**Data extract**
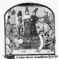 Parigi, Bibliothèque Nationale de France, Fr. 233, f. 34v. Un gruppo di uomini colpiti dalla sfortuna compare dinanzi a Giovanni Boccaccio.
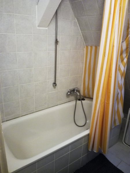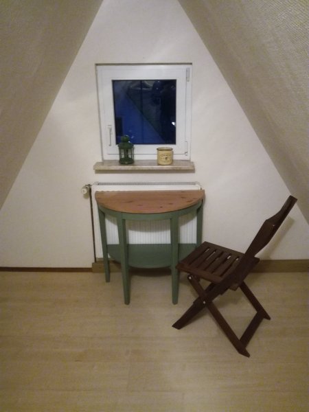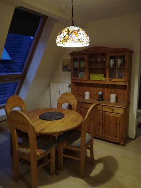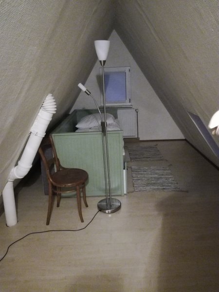 Liebevoll komplett möblierte Wohnung mit 2 Zi auf zwei Ebenen im DG eines MFH mit Café im EG enthalten. Badezimmer mit Badewanne und Waschmaschine , Böden im Wohnber.: Laminat, sonst Fliesen. Gesamte ausgewiesene Wohnfläche ca. 55m².
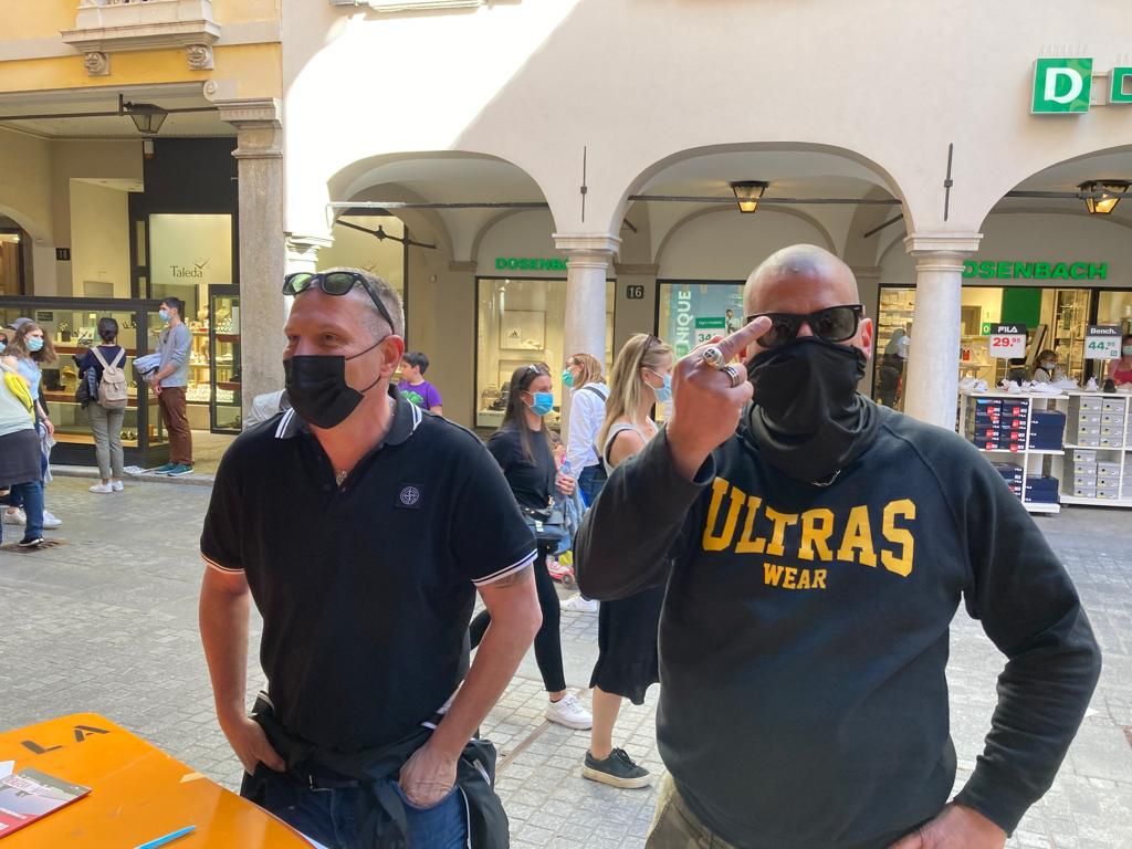 come lei saprà alcuni energumeni, appartenenti agli ultras del FC Lugano (qualificatisi come tali e “amici di Renzetti”), hanno disturbato e tentato di impedire la raccolta di firme da parte di alcune militanti dell’MPS sabato pomeriggio in via Pessina: bancarella autorizzata dal suo Municipio. Le hanno inoltre gravemente insultate e minacciate (“avreste già dovuto finire nel lago”. Tutte attestazioni che, se necessario, potranno essere dimostrate.
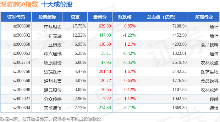 证券之星消息,12月25日,深防御50(399671)指数报收于10107.33点,涨0.34%,成交686.47亿元,换手率1.79%。当日该指数成份股中,上涨的有36家,海大集团以4.13%的涨幅领涨,下跌的有13家,天孚通信以3.71%的跌幅领跌。

**About this task**
Pictures aside, return all of the material exactly as written.

**Solution for this task**
 Parigi, Bibliothèque Nationale de France, Fr. 233, f. 34v. Un gruppo di uomini colpiti dalla sfortuna compare dinanzi a Giovanni Boccaccio.
 Liebevoll komplett möblierte Wohnung mit 2 Zi auf zwei Ebenen im DG eines MFH mit Café im EG enthalten. Badezimmer mit Badewanne und Waschmaschine , Böden im Wohnber.: Laminat, sonst Fliesen. Gesamte ausgewiesene Wohnfläche ca. 55m².
 come lei saprà alcuni energumeni, appartenenti agli ultras del FC Lugano (qualificatisi come tali e “amici di Renzetti”), hanno disturbato e tentato di impedire la raccolta di firme da parte di alcune militanti dell’MPS sabato pomeriggio in via Pessina: bancarella autorizzata dal suo Municipio. Le hanno inoltre gravemente insultate e minacciate (“avreste già dovuto finire nel lago”. Tutte attestazioni che, se necessario, potranno essere dimostrate.
 证券之星消息,12月25日,深防御50(399671)指数报收于10107.33点,涨0.34%,成交686.47亿元,换手率1.79%。当日该指数成份股中,上涨的有36家,海大集团以4.13%的涨幅领涨,下跌的有13家,天孚通信以3.71%的跌幅领跌。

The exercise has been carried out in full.